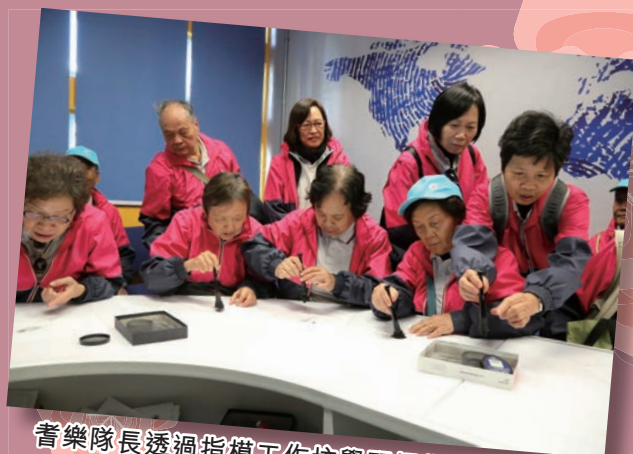
耆樂隊長透過指模工作坊學習掃指模的技巧
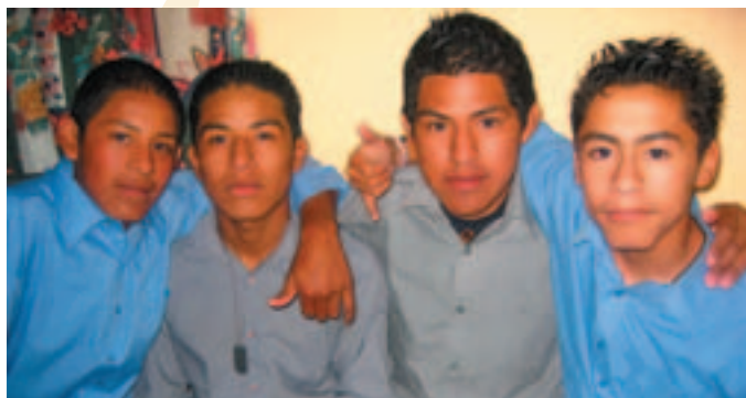
Gutane frå Jesus Maestro fann fram fin-skjorta til feiringa på nyttårsaftan
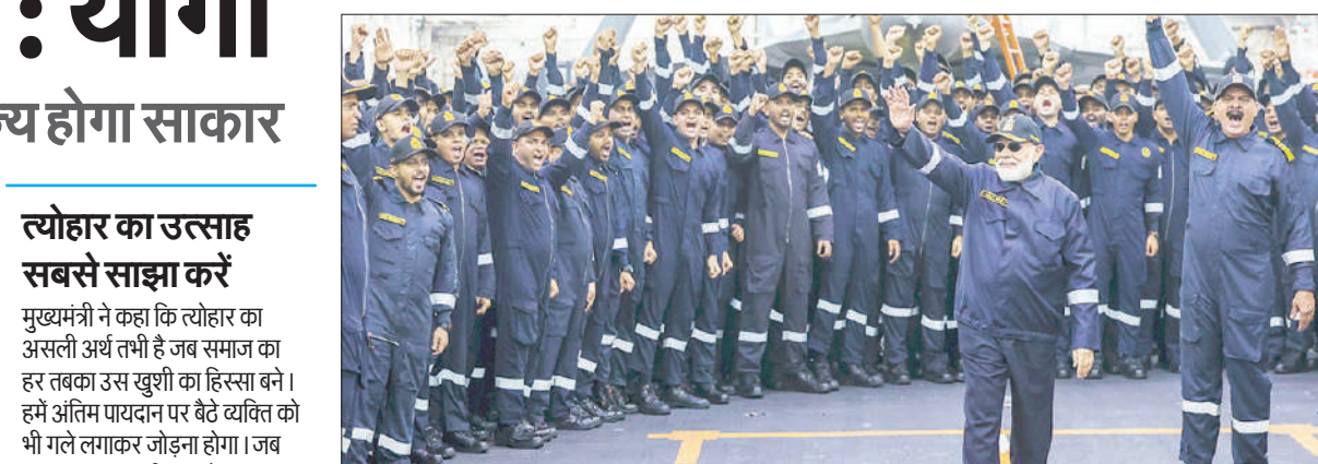
आईएनएस विक्रांत पर आयोजित दीपावली उत्सव में नौसैनिकों के साथ प्रधानमंत्री नरेंद्र मोदी।

पणजी, एजेंसी प्रधानमंत्री नरेन्द्र मोदी ने सोमवार को कहा कि ऑपरेशन सिंदूर के दौरान नौसेना के खौफ, वायु सेना के असाधारण कौशल, थल सेना की वीरता और तीनों सशस्त्र बलों के बीच असाधारण समन्वय ने पाकिस्तान को घुटने टेकने पर मजबूर कर दिया। गाँवा तट पर आईएनएस विक्रांत पर नौसेना कर्मियों से उन्होंने कहा कि स्वदेश में निर्मित विमानवाहक पोत आत्मनिर्भर भारत का शक्तिशाली प्रतीक है और इसे नौसेना को सौंपने से एक प्रमुख औपनिवेशिक विरासत को त्याग दिया गया। कुछ महीने पहले हमने देखा था कि कैसे आईएनएस विक्रांत ने पाकिस्तान की रातों की नींद उड़ा दी थी। आईएनएस विक्रांत, इसका नाम ही दुश्मन के दुस्साहस का अंत कर देता है। मोदी ने आईएनएस विक्रांत पर एक रात बिताई और कोचीन शिपयार्ड में निर्मित विमानवाहक पोत पर मिंग 27 विमानों के कौशल
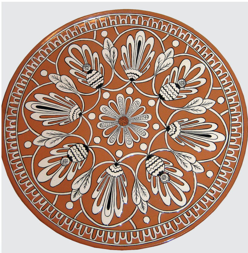
Блюдо, начало 1970-х гг.
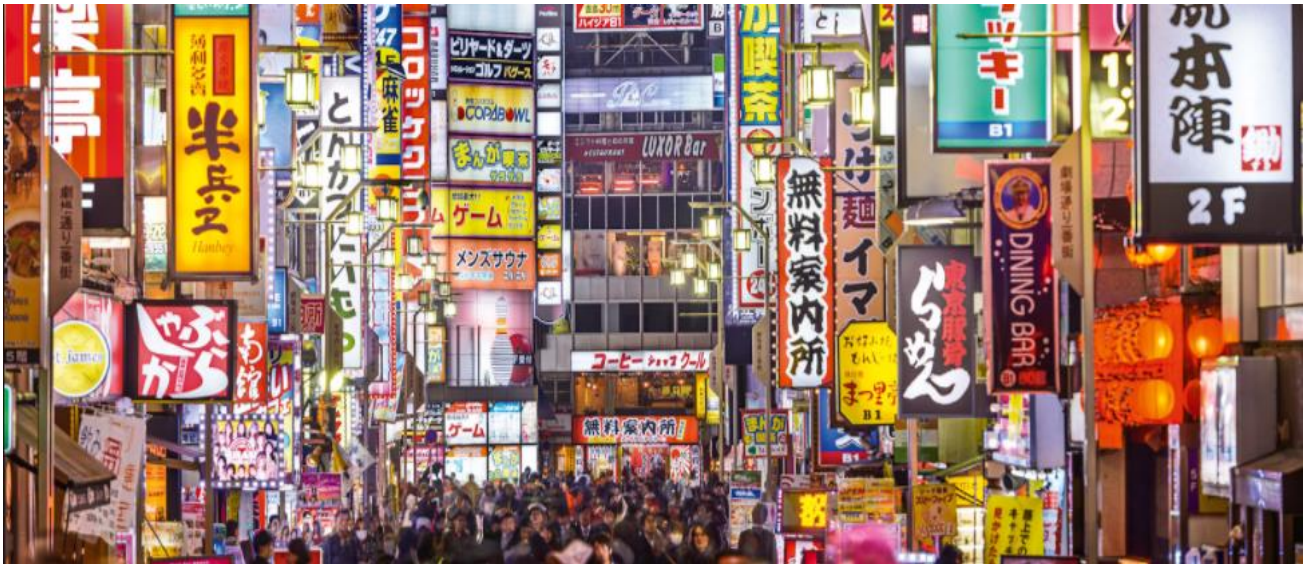
RUE DE TOKYO

ARRIVÉE À L'AÉROPORT, ACCUEIL ANGLOPHONE PUIS TRANSFERT VERS VOTRE HÔTEL EN BUS-NAVETTE. Bienvenue à Tokyo, anciennement nommé Edo, ville fascinante de par son dynamisme et le nombre d'activités qu'elle offre à ses visiteurs. Nuitée à Tokyo en chambre double avec petit déjeuner.
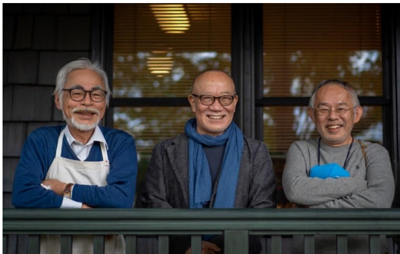
Slika 2: Studio Ghiblijev legendarni trio: Hayao Miyazaki, Joe Hisaishi i Toshio Suzuki

O odnosu između Hisaishija i Miyazakiya, Hisaishi govori: „Mislim da je tajna dugotrajnog profesionalnog odnosa u tome da ne postoji privatni. Hayao i ja ne izlazimo zajedno jesti ili piti. Mi smo strogo profesionalni.“ O vlastitom pristupu u skladanju, skromno i uz dražesan osmijeh dodaje: „Ja sam jako jednostavan skladatelj. Samo želim skladati stvari koje mogu lako svirati kod kuće na klaviru.“ 1
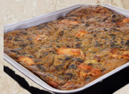
Gratin de saumon aux épinards 3kg Kirn 51183
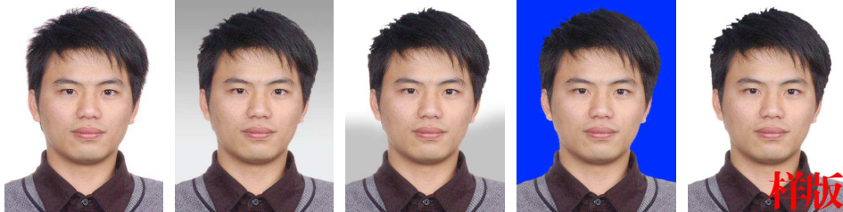
正确 背景不为纯白 背景处理不干净 其它颜色背景 相片中有字体
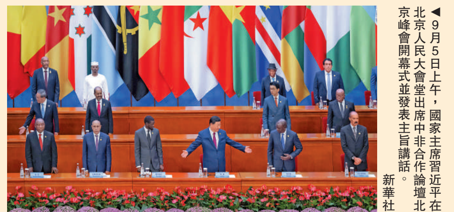
9月5日上午，國家主席習近平在北京人民大會堂出席中非合作論壇北京峰會開幕式並發表主旨講話。

《宣言》表示，我們願攜手落實全球文明倡議，加強文明交流，促進民心相通。中方鼓勵中國企業加強對所僱用非洲員工的培訓和學歷教育。我們將進一步擴大教育、科技、衛生、旅遊、體育、青年、婦女、智庫、媒體和文化等領域交流合作，支持中非友好事業的社會基礎。中方支持2026年在達喀爾舉行青年奧林匹克運動會。中非將加強科技、教育、經貿、文化、旅遊等各領域人員往來。
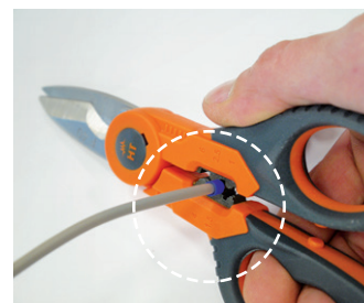
inkl. Crimp-Funktion bis 6 mm 2
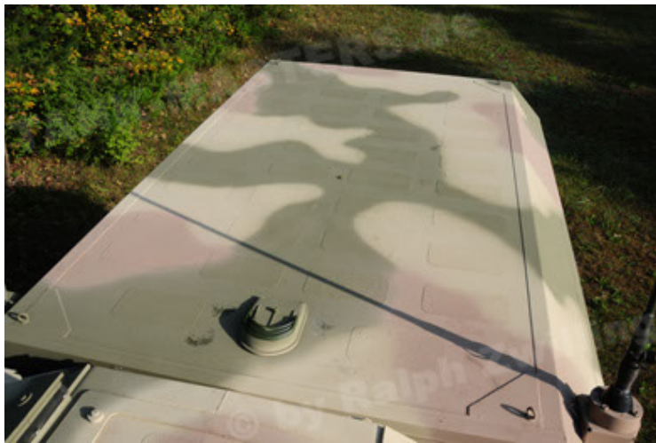
Dingo 2 GE C1 GSI (77).JPG

◆ ◆ ◆ ◆ ◆

• WORK TASK: In the copy, include no pictures; everything else in the material should be written out exactly.

• SOLUTION:
耆樂隊長透過指模工作坊學習掃指模的技巧
Gutane frå Jesus Maestro fann fram fin-skjorta til feiringa på nyttårsaftan
आईएनएस विक्रांत पर आयोजित दीपावली उत्सव में नौसैनिकों के साथ प्रधानमंत्री नरेंद्र मोदी।

पणजी, एजेंसी प्रधानमंत्री नरेन्द्र मोदी ने सोमवार को कहा कि ऑपरेशन सिंदूर के दौरान नौसेना के खौफ, वायु सेना के असाधारण कौशल, थल सेना की वीरता और तीनों सशस्त्र बलों के बीच असाधारण समन्वय ने पाकिस्तान को घुटने टेकने पर मजबूर कर दिया। गाँवा तट पर आईएनएस विक्रांत पर नौसेना कर्मियों से उन्होंने कहा कि स्वदेश में निर्मित विमानवाहक पोत आत्मनिर्भर भारत का शक्तिशाली प्रतीक है और इसे नौसेना को सौंपने से एक प्रमुख औपनिवेशिक विरासत को त्याग दिया गया। कुछ महीने पहले हमने देखा था कि कैसे आईएनएस विक्रांत ने पाकिस्तान की रातों की नींद उड़ा दी थी। आईएनएस विक्रांत, इसका नाम ही दुश्मन के दुस्साहस का अंत कर देता है। मोदी ने आईएनएस विक्रांत पर एक रात बिताई और कोचीन शिपयार्ड में निर्मित विमानवाहक पोत पर मिंग 27 विमानों के कौशल
Блюдо, начало 1970-х гг.
RUE DE TOKYO

ARRIVÉE À L'AÉROPORT, ACCUEIL ANGLOPHONE PUIS TRANSFERT VERS VOTRE HÔTEL EN BUS-NAVETTE. Bienvenue à Tokyo, anciennement nommé Edo, ville fascinante de par son dynamisme et le nombre d'activités qu'elle offre à ses visiteurs. Nuitée à Tokyo en chambre double avec petit déjeuner.
Slika 2: Studio Ghiblijev legendarni trio: Hayao Miyazaki, Joe Hisaishi i Toshio Suzuki

O odnosu između Hisaishija i Miyazakiya, Hisaishi govori: „Mislim da je tajna dugotrajnog profesionalnog odnosa u tome da ne postoji privatni. Hayao i ja ne izlazimo zajedno jesti ili piti. Mi smo strogo profesionalni.“ O vlastitom pristupu u skladanju, skromno i uz dražesan osmijeh dodaje: „Ja sam jako jednostavan skladatelj. Samo želim skladati stvari koje mogu lako svirati kod kuće na klaviru.“ 1
Gratin de saumon aux épinards 3kg Kirn 51183
正确 背景不为纯白 背景处理不干净 其它颜色背景 相片中有字体
9月5日上午，國家主席習近平在北京人民大會堂出席中非合作論壇北京峰會開幕式並發表主旨講話。

《宣言》表示，我們願攜手落實全球文明倡議，加強文明交流，促進民心相通。中方鼓勵中國企業加強對所僱用非洲員工的培訓和學歷教育。我們將進一步擴大教育、科技、衛生、旅遊、體育、青年、婦女、智庫、媒體和文化等領域交流合作，支持中非友好事業的社會基礎。中方支持2026年在達喀爾舉行青年奧林匹克運動會。中非將加強科技、教育、經貿、文化、旅遊等各領域人員往來。
inkl. Crimp-Funktion bis 6 mm 2
Dingo 2 GE C1 GSI (77).JPG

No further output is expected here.